Potential Regression in futex Performance from v6.9 to v6.10-rc1 and v6.11-rc4

linux-mm.kvack.org archive mirror
 help / color / mirror / Atom feed

* Potential Regression in futex Performance from v6.9 to v6.10-rc1 and v6.11-rc4
@ 2024-09-03 12:21 Anders Roxell
  2024-09-03 12:37 ` David Hildenbrand
  0 siblings, 1 reply; 5+ messages in thread
From: Anders Roxell @ 2024-09-03 12:21 UTC (permalink / raw)
  To: David Hildenbrand
  Cc: Arnd Bergmann, Thomas Gleixner, Ingo Molnar, Peter Zijlstra,
	dvhart, dave, andrealmeid, Linux Kernel Mailing List, Linux-MM

Hi,

I've noticed that the futex01-thread-* tests in will-it-scale-sys-threads
are running about 2% slower on v6.10-rc1 compared to v6.9, and this
slowdown continues with v6.11-rc4. I am focused on identifying any
performance regressions greater than 2% that occur in automated
testing on arm64 HW.

Using git bisect, I traced the issue to commit
f002882ca369 ("mm: merge folio_is_secretmem() and
folio_fast_pin_allowed() into gup_fast_folio_allowed()").

My tests were performed on m7g.large and m7g.metal instances:

* The slowdown is consistent regardless of the number of threads;
   futex1-threads-128 performs similarly to futex1-threads-2, indicating
   there is no scalability issue, just a minor performance overhead.
* The test doesn’t involve actual futex operations, just dummy wake/wait
   on a variable that isn’t accessed by other threads, so the results might
   not be very significant.

Given that this seems to be a minor increase in code path length rather
than a scalability issue, would this be considered a genuine regression?

Cheers,
Anders

^ permalink raw reply	[flat|nested] 5+ messages in thread

* Re: Potential Regression in futex Performance from v6.9 to v6.10-rc1 and v6.11-rc4
  2024-09-03 12:21 Potential Regression in futex Performance from v6.9 to v6.10-rc1 and v6.11-rc4 Anders Roxell
@ 2024-09-03 12:37 ` David Hildenbrand
  2024-09-04 10:05   ` Anders Roxell
  0 siblings, 1 reply; 5+ messages in thread
From: David Hildenbrand @ 2024-09-03 12:37 UTC (permalink / raw)
  To: Anders Roxell
  Cc: Arnd Bergmann, Thomas Gleixner, Ingo Molnar, Peter Zijlstra,
	dvhart, dave, andrealmeid, Linux Kernel Mailing List, Linux-MM

On 03.09.24 14:21, Anders Roxell wrote:
> Hi,
> 
> I've noticed that the futex01-thread-* tests in will-it-scale-sys-threads
> are running about 2% slower on v6.10-rc1 compared to v6.9, and this
> slowdown continues with v6.11-rc4. I am focused on identifying any
> performance regressions greater than 2% that occur in automated
> testing on arm64 HW.
> 
> Using git bisect, I traced the issue to commit
> f002882ca369 ("mm: merge folio_is_secretmem() and
> folio_fast_pin_allowed() into gup_fast_folio_allowed()").

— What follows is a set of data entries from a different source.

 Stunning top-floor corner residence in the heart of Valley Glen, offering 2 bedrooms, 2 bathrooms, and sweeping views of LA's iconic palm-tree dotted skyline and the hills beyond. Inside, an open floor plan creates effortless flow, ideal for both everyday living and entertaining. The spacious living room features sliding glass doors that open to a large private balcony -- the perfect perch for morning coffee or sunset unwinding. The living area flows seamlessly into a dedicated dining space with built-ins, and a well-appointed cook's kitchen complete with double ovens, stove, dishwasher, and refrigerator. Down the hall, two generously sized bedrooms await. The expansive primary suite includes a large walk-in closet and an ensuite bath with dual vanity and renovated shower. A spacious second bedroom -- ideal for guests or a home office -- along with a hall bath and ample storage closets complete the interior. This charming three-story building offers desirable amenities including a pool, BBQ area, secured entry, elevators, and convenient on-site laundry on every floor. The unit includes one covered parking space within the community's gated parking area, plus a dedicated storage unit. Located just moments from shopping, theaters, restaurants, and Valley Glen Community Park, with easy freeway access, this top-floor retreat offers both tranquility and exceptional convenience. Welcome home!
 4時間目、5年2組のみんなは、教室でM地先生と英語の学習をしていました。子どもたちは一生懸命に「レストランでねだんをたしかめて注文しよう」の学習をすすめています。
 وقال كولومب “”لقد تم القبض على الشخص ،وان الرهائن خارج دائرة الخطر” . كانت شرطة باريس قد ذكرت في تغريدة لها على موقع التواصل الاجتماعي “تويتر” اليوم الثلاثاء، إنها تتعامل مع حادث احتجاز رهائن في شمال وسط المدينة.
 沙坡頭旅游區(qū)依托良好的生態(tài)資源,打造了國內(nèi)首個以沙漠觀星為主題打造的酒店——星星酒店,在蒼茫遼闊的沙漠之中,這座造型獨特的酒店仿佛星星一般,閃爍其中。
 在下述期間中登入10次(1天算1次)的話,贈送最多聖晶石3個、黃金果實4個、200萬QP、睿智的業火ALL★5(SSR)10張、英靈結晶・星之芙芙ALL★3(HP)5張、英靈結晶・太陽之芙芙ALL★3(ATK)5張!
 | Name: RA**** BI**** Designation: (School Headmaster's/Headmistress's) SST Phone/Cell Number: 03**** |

Thanks for analyzing the (slight) regression!

> 
> My tests were performed on m7g.large and m7g.metal instances:
> 
> * The slowdown is consistent regardless of the number of threads;
>     futex1-threads-128 performs similarly to futex1-threads-2, indicating
>     there is no scalability issue, just a minor performance overhead.
> * The test doesn’t involve actual futex operations, just dummy wake/wait
>     on a variable that isn’t accessed by other threads, so the results might
>     not be very significant.
> 
> Given that this seems to be a minor increase in code path length rather
> than a scalability issue, would this be considered a genuine regression?

Likely not, I've seen these kinds of regressions (for example in my fork
micro-benchmarks) simply because the compiler slightly changes the code
layout, or suddenly decides to not inline a functions.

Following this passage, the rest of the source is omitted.